Tanto es así que apenas un tercio de las organizaciones declara contar con una capacidad muy alta para implantar tecnología de forma efectiva.
Pero cuando lo logran, el impacto se concentra sobre todo en el lanzamiento de nuevos productos y servicios (61%), la eficiencia operativa (48%) y la generación de nuevas capacidades organizativas (46%).
La innovación abierta como reto pendiente
El documento hace referencia a los dos modelos de innovación que siguen las empresas: abierta (en colaboración con startups) e interna (proyectos que surgen en la propia compañía). Y hay diferencias relevantes.
La primera de ellas no termina de consolidarse. Únicamente tres de cada 10 compañías (29,4%) considera la colaboración con el ecosistema externo como un eje central de su estrategia, frente a más de siete de cada 10 (70,6%) que la perciben como secundaria, poco relevante o inexistente.
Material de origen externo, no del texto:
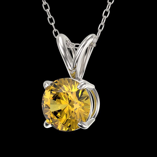 REF-100X5T -36748 ---- 0.79 CTW Certified Intense Yellow SI Diamond Solitaire Necklace 10K White Gold ---- Luxury Designer Brand Necklace Appraised at $7,350 Certificate Number US36748 10k White gold, Necklace Size is 16 Incehs, Necklace measuring approx. Uniform, weighing in total approx. 2 grams. Made in the USA and is stamped 10k, Main stone 0.79 carat total weight containing 1 pieces of Intense Fancy Yellow color with SI quality Round shape cut Diamond , Stone #2 carat total weight containing pieces of color with quality shape cut

De hecho, el grupo mayoritario reconoce su valor, pero lo mantiene fuera de las prioridades inmediatas.
Una prudencia que también se observa en los presupuestos: aunque el 44% prevé aumentar su inversión en innovación, muchas compañías siguen una línea conservadora y no prevén el aumento de sus partidas para este área.
No es el único epígrafe en el que las cifras no acompañan. El informe también revela que sólo dos de cada 10 organizaciones (18,5%) generan más de la mitad de su innovación en colaboración con empresas emergentes.
El problema no es acceder a ellas, sino integrarlas dentro de su estrategia. Al analizar el origen de los proyectos de innovación, el informe confirma que menos del 25% nace fuera de la organización, mientras que una de cada 10 (11,1%) admite que no realiza ningún tipo de innovación abierta.
El informe refleja así grandes diferencias entre lo que las compañías desean y lo que son capaces de ejecutar. Ese es el reto pendiente. Las que consigan superarlo convertirán la innovación en una ventaja competitiva y ganarán la carrera a las que no sepan salir de la fase piloto.